I'm officially 8 months pregnant. Holy cow! As far as I can tell, this little man still has his head jammed into my lungs. It's funny how when you're pregnant, you pick certain things to dwell on and worry about. Having a breech baby and ending up with a c-section has never crossed my mind - not even once. I think about things like premature labor, placenta previa and placental abruptions. I always worry about those sorts of things. But the baby being breech and not even laboring on my own? Never occurred to me. Of course, being diabetic and on insulin never entered my mind with Will's pregnancy.
I've been doing some reading on baby spinning and on external versions by the OB. I'm trying not to panic. Must not freak out, right?
I maintain that I will not freak out about this baby not turning until the little digital baby on the right side of the page turns and the real baby doesn't. As long as the spinning baby on the screen is head up, I'm okay. But when he turns, I'll officially flip out.
I'm working on my list of questions for the doctor for this week's appt - the first ones will obviously center around the baby being breech, a version and the possibility of a c-section. After that, I've got lots more questions.
I need to get pre-registered at the hospital. Supposedly they'll still have us on file, but I'll likely have to reregister, since my insurance isn't the same. Must get this done - I don't want to go to the ER if/when I go into labor. I want to go to labor and delivery.
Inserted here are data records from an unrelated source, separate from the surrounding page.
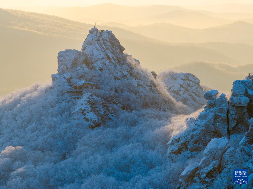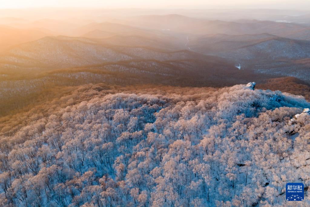 1月25日晨,位于黑龙江省双鸭山市境内的黑龙江七星山国家森林公园出现雾凇景观,朝晖映射下,霜华满山,蔚为壮观。
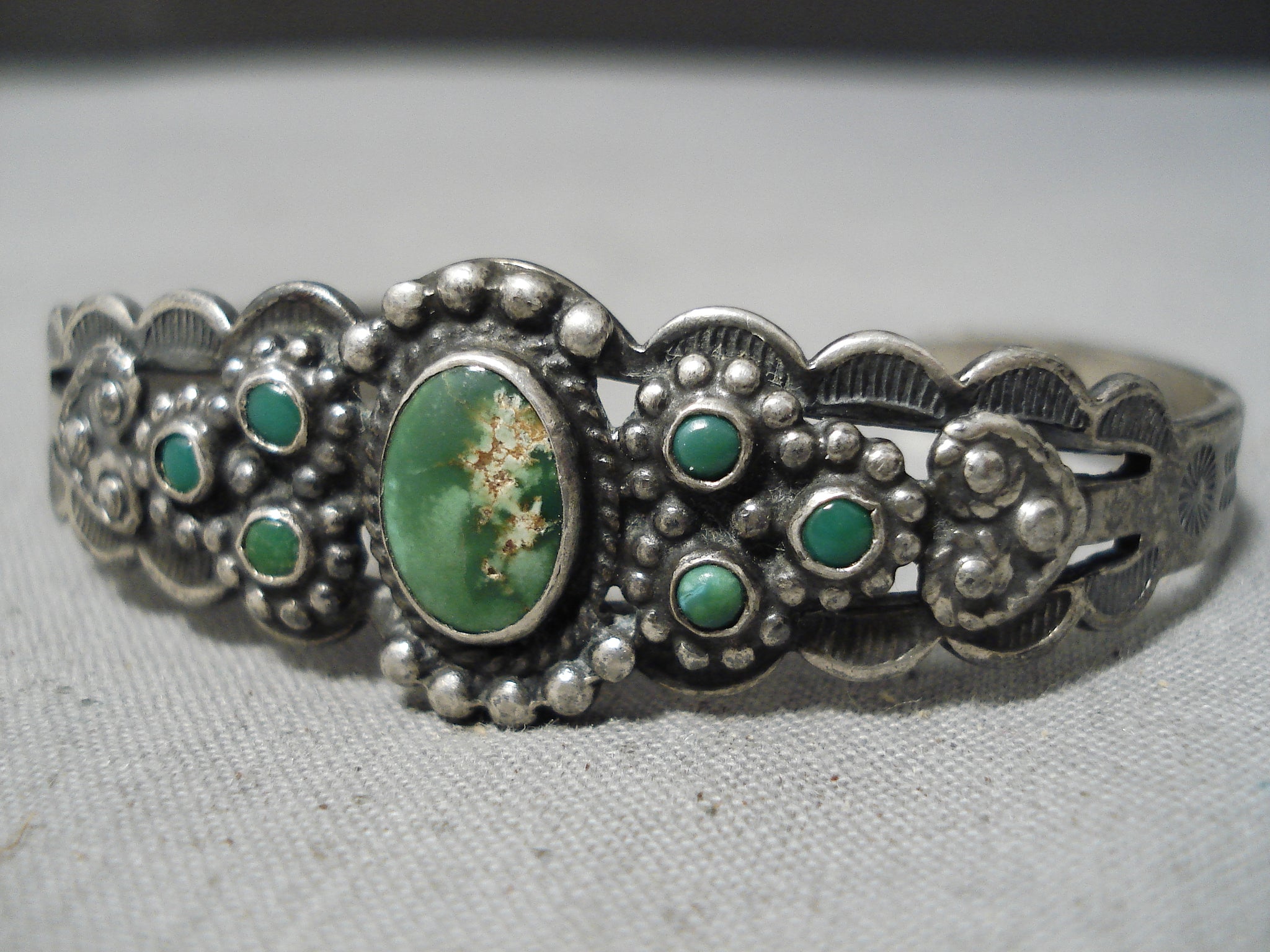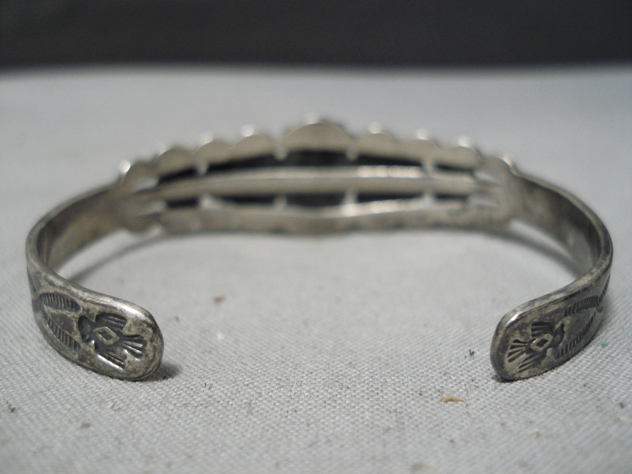 This is a fabulous vintage Navajo silver bracelet. This earlier 1900's piece contains 7 beautiful Cerrillos turquoise stones. The surrounding silver works include raindrops, cloud patterns, sun stampings and arrows. The center stone measures around 3/8" x 1/4". The width of the bracelet measures around 5/8". Sterling silver. Cir. Mid century . The inside end to end measures around 5-1/4" with an additional 1" gap. Sturdy 16 grams.
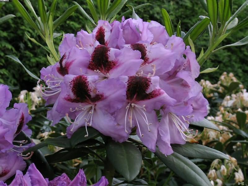 Eine sehr alte Hybride von Waterer ist Purple Splendour (Ponticum X , vor 1900, 1931 Wertzeugnis RHS).Sie gehört immer noch zu den den dunkelsten violetten großblumigen mit einer fast schwarzen Zeichnung.
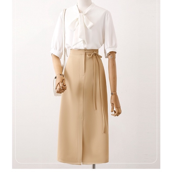 Giới thiệu Chân Váy Midi Công Sở Nữ Xẻ Trước Có Nơ Thắt Trẻ Trung, suông xẻ giữa moi nơ d68cm
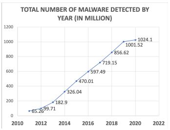 Malware comes in a wide range of variations like Virus, Worm, Trojan-horse, Rootkit, Backdoor, Botnet, Spyware, Adware etc. These classes of malware are not mutually exclusive meaning thereby that a particular malware may reveal the characteristics of multiple classes at the same time. In order to evade detection, malware authors introduce polymorphism to the malicious components. This means that malicious files belonging to the same malware “family”, with the same forms of malicious behavior, are constantly modified and/or obfuscated using various tactics, such that they look like many different files. Malware is one of the most terrible and major security threats facing the Internet today. According to a survey [5], conducted by Symantec in February 2019, 47% of the organizations experienced malware security incidents/network breaches in the past one year, as depicted in figures 1 and 2. The malware is continuously growing in volume (growing threat landscape), variety (innovative malicious methods) and velocity (fluidity of threats).
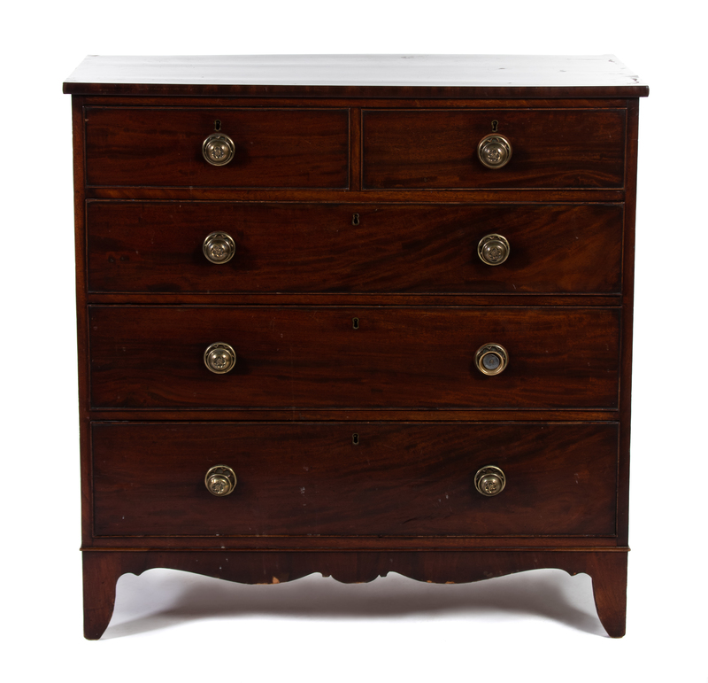 The rectangular top above two short and three cockbeaded long drawers, raised on bracket feet.
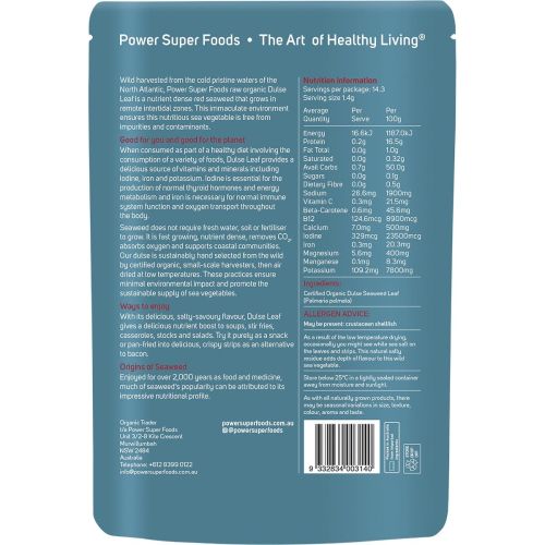 Wild harvested from the cold pristine waters of the North Atlantic, Power Super Foods raw organic Dulse Leaf is a nutrient dense red seaweed that grows in remote intertidal zones. This immaculate environment ensures this nutritious sea vegetable is free from impurities and contaminants.
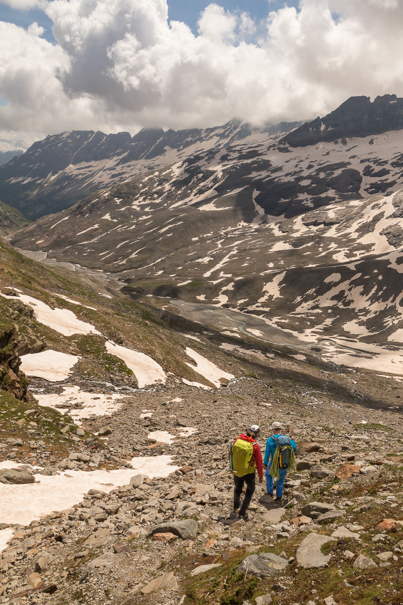 Nun erwartet uns ein langer Abstieg. Da es sich um einen Gletscher handelt, seilen wir an (und damit der Tourenleiter das Seil nicht vergebens mitgenommen hat). Im Schnee geht es rassig abwärts, wir erreichen bald wieder Fels, wo wir uns den Eissachen und des Seiles entledigen. Über Blöcke klettern wir abwärts, dazwischen gibt es immer wieder Schneefelder. Kurz vor der Läntalücke steigen wir ostwärts ab, Schnee- und Geröllfelder wechseln sich ab. Die Wegfindung ist nicht ganz einfach und wird es auch weiter unten ohne Schneefelder nicht. Wir müssen immer wieder Bäche überqueren.
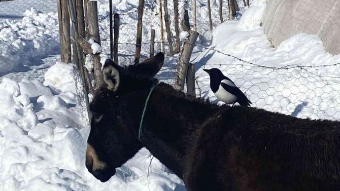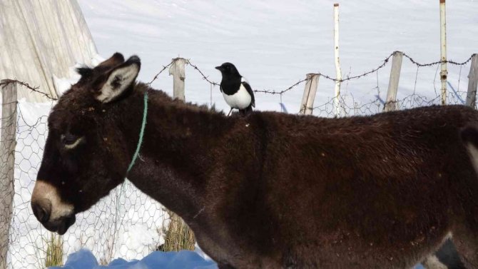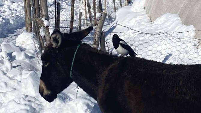 Muş'ta etkili olan yoğun kar yağışı nedeniyle doğada yem bulmakta güçlük çeken saksağanın köydeki eşeklerin başına bela olması, ortaya gülümseten...

I need to look into a sibling class for Will - I'd really like to get him a tour of the hospital and learn a bit about what to expect when his brother is born. I hope they offer this.
I would like to sit down with the lactation consultants before this baby is born. I'm filled with questions. I worry that with my diabetes, this baby will need to be supplemented in the hospital, like Will was. I really want to maximize my chances of nursing this baby without having to supplement with formula. And I don't want him to get a bottle to be supplemented. I've already found out that the hospital has a syringe feeder we can use to feed the baby in addition to nursing. I just need to find out what my options are as far as what we can put in the syringe My goal is no bottles whatsoever for the first month. Will did great going between bottle and breast, but I don't want to risk any confusion this time.
I called our nearest milk bank regarding becoming a donor breast milk recipient. And unfortunately, that's just cost prohibitive. The consultant at the milk bank said they'd ship milk, but the minimum number of ounces is 40 ounces. Way more than I'd need. And the cost is $4.50 per ounce. Holy cow! That's over $150 per quart.